Friday, August 15, 2008

Two Olympic thoughts . . .

sort of related to law and public policy.

1) This week, I watched the women's beach volleyball (a sport I actually have enjoyed watching) match between USA's Misty May-Treanor and Kerry Walsh (they of the frolicking with W while Russia invaded Georgia) and a team from Cuba. The match was a blowout and no one expected it to be close, so the announcers naturally had to find other stuff to talk about. Nothing unusual; announcers struggle to fill during bad games all the time.

What struck me as unusual was the content: Stories about how each one met her husband and of their first dates (which apparently involved some confusion about who was being fixed up with whom) and about what happens after the Olympics, when, the announcers told us five different times, both women would like to get pregnant. I am trying to remember watching a men's sporting event in which conversation turned to how the quarterback met his wife or about the point guard's family planning. Now, in fairness, perhaps it is more relevant for women athletes, who must put their careers on hold for at least a few months, although this story in Sports Illustrated discusses the athletic benefits of pregnancy and childbirth. But I could not get past the feeling that the announcers, needing filler, just wanted to talk about the personal lives of two attractive women whose uniform is a bikini.

2) Had the U.S. athletes not taken gold and silver in yesterday's individual women's gymnastics competition, the headlines this morning would have been about bizarre/unfair/corrupt judging. As it was, the judging did produce 1) apoplexy in the American commentators about inappropriately low scores for the U.S. athletes and inappropriately high scores for the Chinese and Russian athletes and 2) the sight of the head of the technical committee (the chief judge, sort of) walking over to the judges' table after the routine of USA's Nastia Liukin (the eventual winner), it would appear to lecture them about how good the performance was and too make sure the scores were not depressed.

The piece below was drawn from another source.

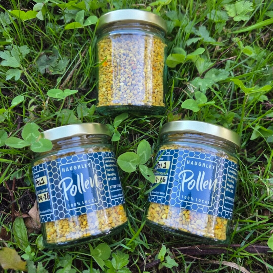 We collect the pollen using a trap that fits onto the entrance of the hive and knocks pollen from the bees legs as they pass through. These are only added on warm days and to the very strongest colonies for short amounts of time during a pollen flow, so we do not damage or disturb a colony.
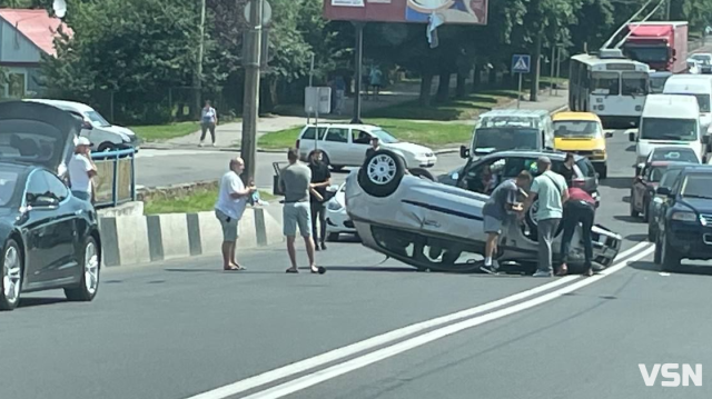 ДТП у Луцьку сталася 4 липня близько 12:30 на вулиці Рівненській. На мосту перекинулось авто, ще кілька автівок отримали пошкодження внаслідок аварії.

I continue to believe that gymnastics is not a sport, because it lacks the possibility of objective scoring or objective determination of victory. And the early grumblings yesterday (which hearkened back to the glory days of the mythical East German judge) show the inherent problem with "judging," especially when what the judges are looking for is so mysterious.

One way to eliminate some of the mystery (and suspicion) would be to require the judges to explain their decisions--to identify precisely what points were deducted and for what mistakes. Adjudication requires explanations for decisions and that transparency helps the parties and the public evaluate decisions and outcomes. And even football referees explain what happened on penalties (some refs in painstaking detail). Why not require gymnastics (and figure skating and diving and other "judged" events) provide explanation, thus bringing some transparency to what is, for most viewers, completely opaque.

Or put another way: When Harry in When Harry Met Sally talks about having sex in front of the Olympic judges and receiving a low score from his mother, disguised as an East German judge, for what "must have been the dismount," it would be better if we knew it was for the dismount.